Людмила Гоготишвили - Непрямое говорение
Второй не менее устойчивой, но также, с нашей точки зрения, неточной традицией толкования ивановского понимания природы символических референтов является утверждение непосредственной связи этих референтов с образами. Собственно говоря, вся приведенная нами аргументация в пользу принципиальной необъектности и языковой необъективируемости символических референтов может быть с аналогичным успехом (или «неуспехом») развернута и против образного толкования ивановских референтов – если, уточним, под образом мыслить некое ментально закрепленное представление объектного и устойчивого свойства, порожденное теми или иными, в основном зрительными, чувственными восприятиями. [50] Конечно, Иванов пользовался образами и, конечно же, не отрицал весомости самого этого понятия в теории языка вообще и в поэзии в особенности, однако, так же, как внешняя событийная канва символической речи, образность относилась им не к сущности символической референции, а к ее формальной акциденции.

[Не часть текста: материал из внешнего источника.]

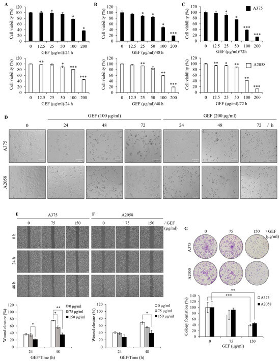 To examine the effect of GEF on melanoma cell survival, A375 and A2058 cells were treated with varying concentrations of GEF (0–200 μg/mL) for 24–72 h, and cell viability was measured using the WST-1 assay. Exposure to 0, 12.5, 25, 50, 100, and 200 μg/mL GEF induced a notable reduction in cell viability compared with that of the control group (Figure 1A–C), with survival rates of 14.5–90.5% for A375 cells and 12.4–93.6% for A2058 cells. Morphological changes, including increased cell death, were also evident in GEF-treated cells compared with those in the control group (Figure 1D). These findings indicate that GEF affects the viability of both melanoma cell lines.
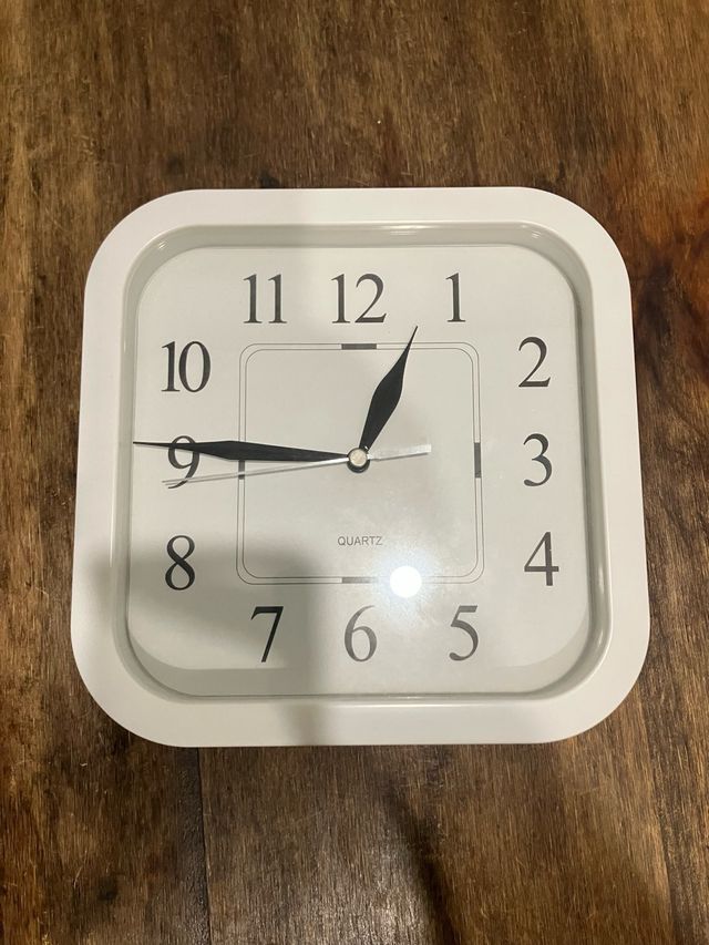 Reloj de pared con un diseño moderno y minimalista. - Marco de color blanco. - Esfera cuadrada con números negros.

Между двумя этими категориями имеется и то сходство, что «образ», как и «событие», был в ивановской концепции понятием с двойным дном. В случае понимания образа в качестве ментально закрепленной объективации чувственного впечатления он не соотносился Ивановым непосредственно с самими символическими референтами, но в случае понимания образа как «посредника» между символическим референтом и его языковым выражением статус этого понятия в рамках ивановской концепции повышался. «Повышение» это, однако, сигнализировало о принципиальном изменении не только в понимании «места» и, соответственно, статуса образа, но и в толковании его имманентной сущности: такой образ теряет свойства статично-объектной или объективирующей цельной семантической единицы и приобретает черты сложносоставной языковой фигуры (аналогично тому, как не имеющий способности к самостоятельной референции изолированный символ приобщается к этой способности в составе цельной символической фигуры речи).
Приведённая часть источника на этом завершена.